Give the entries again exactly as they appear, but without the images.

[Records from a dataset]
============
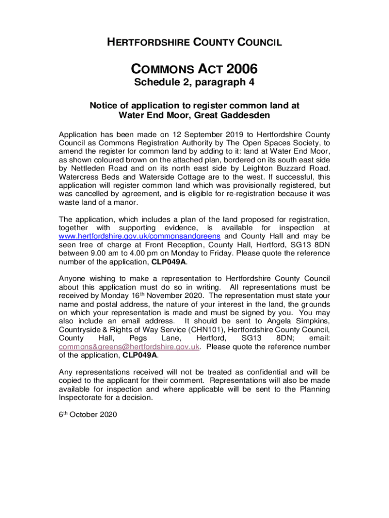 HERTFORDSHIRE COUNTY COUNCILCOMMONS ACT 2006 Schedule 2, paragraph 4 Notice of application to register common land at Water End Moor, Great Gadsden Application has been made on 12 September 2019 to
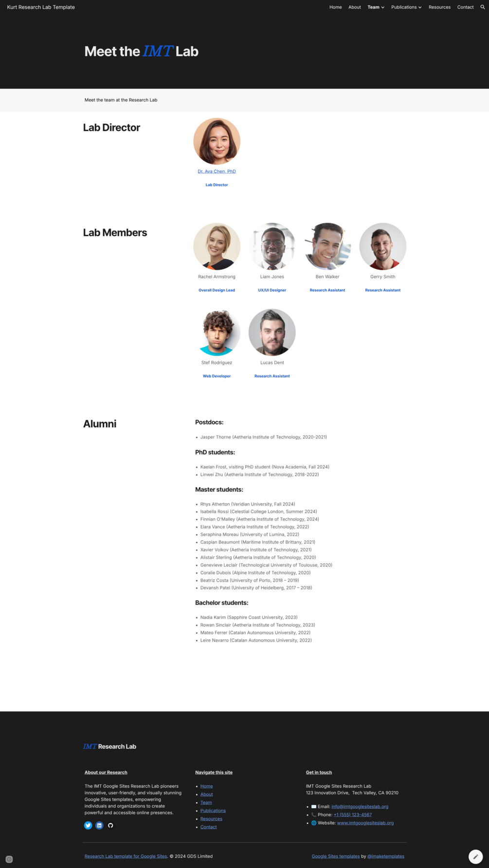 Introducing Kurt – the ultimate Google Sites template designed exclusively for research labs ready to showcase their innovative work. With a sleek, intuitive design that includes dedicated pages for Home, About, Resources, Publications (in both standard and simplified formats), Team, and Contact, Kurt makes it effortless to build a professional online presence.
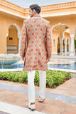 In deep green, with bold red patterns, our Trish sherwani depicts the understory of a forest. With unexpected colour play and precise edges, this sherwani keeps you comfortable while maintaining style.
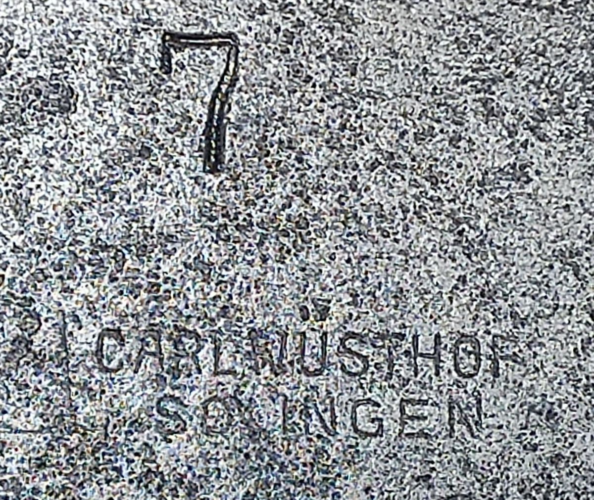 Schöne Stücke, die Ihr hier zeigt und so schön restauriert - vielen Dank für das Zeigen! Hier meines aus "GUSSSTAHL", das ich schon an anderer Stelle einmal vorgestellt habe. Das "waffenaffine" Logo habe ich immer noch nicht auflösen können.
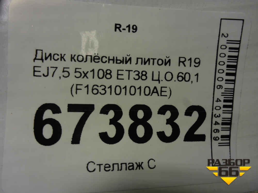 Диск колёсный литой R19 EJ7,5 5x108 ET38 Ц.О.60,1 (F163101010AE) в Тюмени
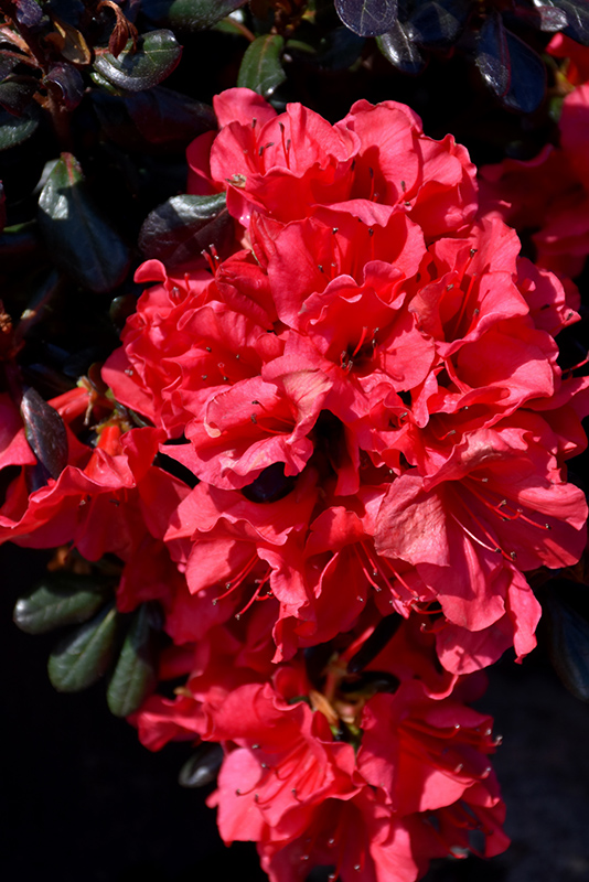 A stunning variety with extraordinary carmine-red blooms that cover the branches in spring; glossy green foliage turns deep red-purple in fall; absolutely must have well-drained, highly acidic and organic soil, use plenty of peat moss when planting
============
» **Written solution**
 HERTFORDSHIRE COUNTY COUNCILCOMMONS ACT 2006 Schedule 2, paragraph 4 Notice of application to register common land at Water End Moor, Great Gadsden Application has been made on 12 September 2019 to
 Introducing Kurt – the ultimate Google Sites template designed exclusively for research labs ready to showcase their innovative work. With a sleek, intuitive design that includes dedicated pages for Home, About, Resources, Publications (in both standard and simplified formats), Team, and Contact, Kurt makes it effortless to build a professional online presence.
 In deep green, with bold red patterns, our Trish sherwani depicts the understory of a forest. With unexpected colour play and precise edges, this sherwani keeps you comfortable while maintaining style.
 Schöne Stücke, die Ihr hier zeigt und so schön restauriert - vielen Dank für das Zeigen! Hier meines aus "GUSSSTAHL", das ich schon an anderer Stelle einmal vorgestellt habe. Das "waffenaffine" Logo habe ich immer noch nicht auflösen können.
 Диск колёсный литой R19 EJ7,5 5x108 ET38 Ц.О.60,1 (F163101010AE) в Тюмени
 A stunning variety with extraordinary carmine-red blooms that cover the branches in spring; glossy green foliage turns deep red-purple in fall; absolutely must have well-drained, highly acidic and organic soil, use plenty of peat moss when planting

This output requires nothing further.